Bayesian analysis of data from radionuclide angiocardiograms for diagnosis of coronary artery disease.

Abstract
A continuous Bayesian model was developed by fitting a beta-function to the frequency distributions of resting ejection fraction, exercise ejection fraction, and change in end-systolic volume during exercise measured by radionuclide angiocardiography in a group of 249 men with coronary artery disease (CAD) and in a group of 56 men without disease. This model, then prospectively applied to 250 men with chest pain, did not increase the overall accuracy of the test but did increase the diagnostic content for individual patients. The diagnostic efficacy of the continuous Bayesian model was compared with previously determined optimal discrete criteria of a positive or negative test. Patients with CAD showed a maximum and mean increase in probability of disease of +0.58 and +0.11, respectively, by the continuous Bayesian model and +0.14 and +0.05, respectively, by discrete criteria.
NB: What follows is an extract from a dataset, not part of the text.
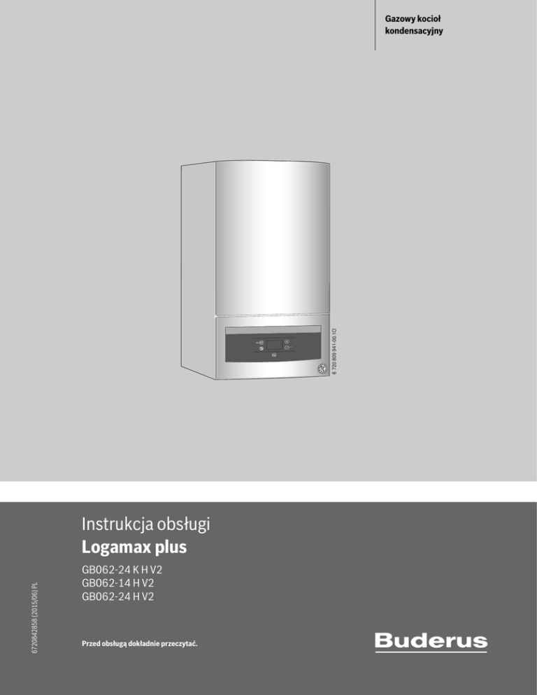 reset press 5s ok mode 6720842858 (2015/06) PL Instrukcja obsługi Logamax plus GB062-24 K H V2 GB062-14 H V2 GB062-24 H V2 Przed obsługą dokładnie przeczytać. 6 720 809 941-00.1O Gazowy kocioł kondensacyjny Spis treści Spis treści 1 Objaśnienie symboli i wskazówki dotyczące bezpieczeństwa . . . . . . . . . . . . . . . . . . . . . . . . . . . . . . . . . . . . . . 2 1.1 1.2 2 Informacje o produkcie . . . . . . . . . . . . . . . . . . . . . . . . . . . . . . . . 3 2.1 2.2 2.3 2.4 3 3.3 .....3 .....3 .....4 .....4 Otwieranie zaworów konserwacyjnych . . . . . . . . . . . . . . 5 Sprawdzenie ciśnienia roboczego instalacji ogrzewczej . . . . . . . . . . . . . . . . . . . . . . . . . . . . . . . . . . . . 5 Uzupełnianie wody grzewczej . . . . . . . . . . . . . . . . . . . . . 5 Obsługa . . . . . . . . . . . . . . . . . . . . . . . . . . . . . . . . . . . . . . . . . . . . . 5 4.1 4.2 4.3 4.4 4.5 4.6 5 Deklaracja zgodności . . . . . . . . . . . . . . . . . . . . . . . Przegląd typoszeregu. . . . . . . . . . . . . . . . . . . . . . . Dane produktu dotyczące zużycia energii. . . . . . . Dane systemowe dotyczące zużycia energii . . . . . Przygotowanie do eksploatacji . . . . . . . . . . . . . . . . . . . . . . . . . 5 3.1 3.2 4 Objaśnienie symboli. . . . . . . . . . . . . . . . . . . . . . . . . . . . . 2 Ogólne zalecenia bezpieczeństwa. . . . . . . . . . . . . . . . . . 2 Przegląd panelu obsługi. . . . . . . . . . . . . . . . . . . . . Włączenie urządzenia . . . . . . . . . . . . . . . . . . . . . . Ustawianie temperatury zasilania . . . . . . . . . . . . . Ustawienie temperatury c.w.u. . . . . . . . . . . . . . . . Regulacja instalacji ogrzewczej . . . . . . . . . . . . . . . Ustawienie trybu letniego . . . . . . . . . . . . . . . . . . . .....6 .....6 .....6 .....6 .....6 .....6 1 Objaśnienie symboli i wskazówki dotyczące bezpieczeństwa 1.1 Objaśnienie symboli Polecenia ostrzegawcze We wskazówkach ostrzegawczych zastosowano hasła ostrzegawcze oznaczające rodzaj i ciężar gatunkowy następstw zaniechania działań zmierzających do uniknięcia niebezpieczeństwa. Zdefiniowane zostały następujące wyrazy ostrzegawcze używane w niniejszym dokumencie: NIEBEZPIECZEŃSTWO: NIEBEZPIECZEŃSTWO oznacza poważne ryzyko wystąpienia obrażeń ciała zagrażających życiu. OSTRZEŻENIE: OSTRZEŻENIE oznacza możliwość wystąpienia ciężkich obrażeń ciała, a nawet zagrożenie życia . OSTROŻNOŚĆ: OSTROŻNOŚĆ oznacza ryzyko wystąpienia obrażeń ciała w stopniu lekkim lub średnim. WSKAZÓWKA: Wyłączenie z eksploatacji. . . . . . . . . . . . . . . . . . . . . . . . . . . . . . 7 WSKAZÓWKA oznacza ryzyko wystąpienia szkód materialnych. 5.1 5.2 5.3 Ważne informacje Wyłączenie/Tryb czuwania . . . . . . . . . . . . . . . . . . . . . . . 7 Ustawienie ochrony przed zamarzaniem . . . . . . . . . . . . 7 Włączanie/wyłączanie przygotowania c.w.u. . . . . . . . . . 7 6 Dezynfekcja termiczna . . . . . . . . . . . . . . . . . . . . . . . . . . . . . . . . 7 7 Wskazówki dotyczące oszczędzania energii . . . . . . . . . . . . . . 7 8 Usuwanie usterek. . . . . . . . . . . . . . . . . . . . . . . . . . . . . . . . . . . . . 8 9 Konserwacja . . . . . . . . . . . . . . . . . . . . . . . . . . . . . . . . . . . . . . . . . 8 Ważne informacje, które nie zawierają ostrzeżeń przed zagrożeniami dotyczącymi osób lub mienia, oznaczono symbolem informacji przedstawionym obok. Inne symbole 10 Ochrona środowiska i utylizacja . . . . . . . . . . . . . . . . . . . . . . . . 8 11 Pojęcia specjalistyczne . . . . . . . . . . . . . . . . . . . . . . . . . . . . . . . . 9 Symbol ▶ • – Znaczenie Czynność Odsyłacz do innych fragmentów dokumentu Pozycja/wpis na liście Pozycja/wpis na liście (2. poziom) Tab. 1 1.2 Ogólne zalecenia bezpieczeństwa HWskazówki dla grupy docelowej Niniejsza instrukcja obsługi jest skierowana do użytkownika instalacji ogrzewczej. Należy przestrzegać wskazówek zawartych we wszystkich instrukcjach. Ignorowanie tych wskazówek grozi szkodami materialnymi i urazami cielesnymi ze śmiercią włącznie. ▶ Przed obsługą należy przeczytać instrukcje obsługi (źródeł ciepła, regulatorów ogrzewania itp.) i zachować je. ▶ Postępować zgodnie ze wskazówkami dotyczącymi bezpieczeństwa oraz ostrzegawczymi. HZastosowanie zgodne z przeznaczeniem Produktu wolno używać tylko do podgrzewania wody grzewczej i przygotowania c.w.u. 2 Logamax plus – 6720842858 (2015/06) Informacje o produkcie Jakiekolwiek inne użytkowanie uważane jest za niezgodne z przeznaczeniem. Szkody powstałe w wyniku takiego stosowania są wyłączone z odpowiedzialności producenta. HPostępowanie w razie stwierdzenia zapachu gazu W przypadku ulatniania się gazu występuje niebezpieczeństwo wybuchu. W razie stwierdzenia zapachu gazu przestrzegać poniższych zasad postępowania. ▶ Nie dopuszczać do powstawania płomieni i iskier: – Nie palić, nie używać zapalniczek ani zapałek. – Nie obsługiwać wyłączników elektrycznych, nie wyciągać wtyczek. – Nie używać telefonu ani dzwonka. ▶ Zamknąć dopływ gazu na głównym zaworze odcinającym lub na liczniku gazu. ▶ Otworzyć okna i drzwi. ▶ Ostrzec wszystkich mieszkańców i opuścić budynek. ▶ Zapobiec wchodzeniu do budynku osób trzecich. ▶ Wezwać straż pożarną, policję i pogotowie gazowe, korzystając z telefonu znajdującego się poza budynkiem. HNiebezpieczeństwo utraty życia wskutek zaczadzenia spalinami W przypadku ulatniania się spalin występuje zagrożenie dla życia. W razie uszkodzenia lub nieszczelności przewodów spalinowych albo stwierdzenia zapachu spalin przestrzegać poniższych zasad postępowania. ▶ Odłączyć źródła ciepła. ▶ Otworzyć okna i drzwi. ▶ W razie potrzeby ostrzec wszystkich mieszkańców i opuścić budynek. ▶ Zapobiec wchodzeniu do budynku osób trzecich. ▶ Zawiadomić uprawnioną firmę instalacyjną. ▶ Zlec

Men without significant disease showed a maximum and mean decrease in probability of disease of -0.73 and -0.38, respectively, by Bayesian analysis and -0.36 and -0.27, respectively, by optimal discrete criteria. Moreover, all 29 patients who died during a 35 month interval after study had a probability of CAD of 0.95 or greater by the continuous Bayesian model. These findings indicate that Bayesian analysis of radionuclide angiocardiographic test results with continuous distributions of left ventricular function measurement enhances the diagnostic and prognostic information for individual patients with symptoms suggestive of CAD.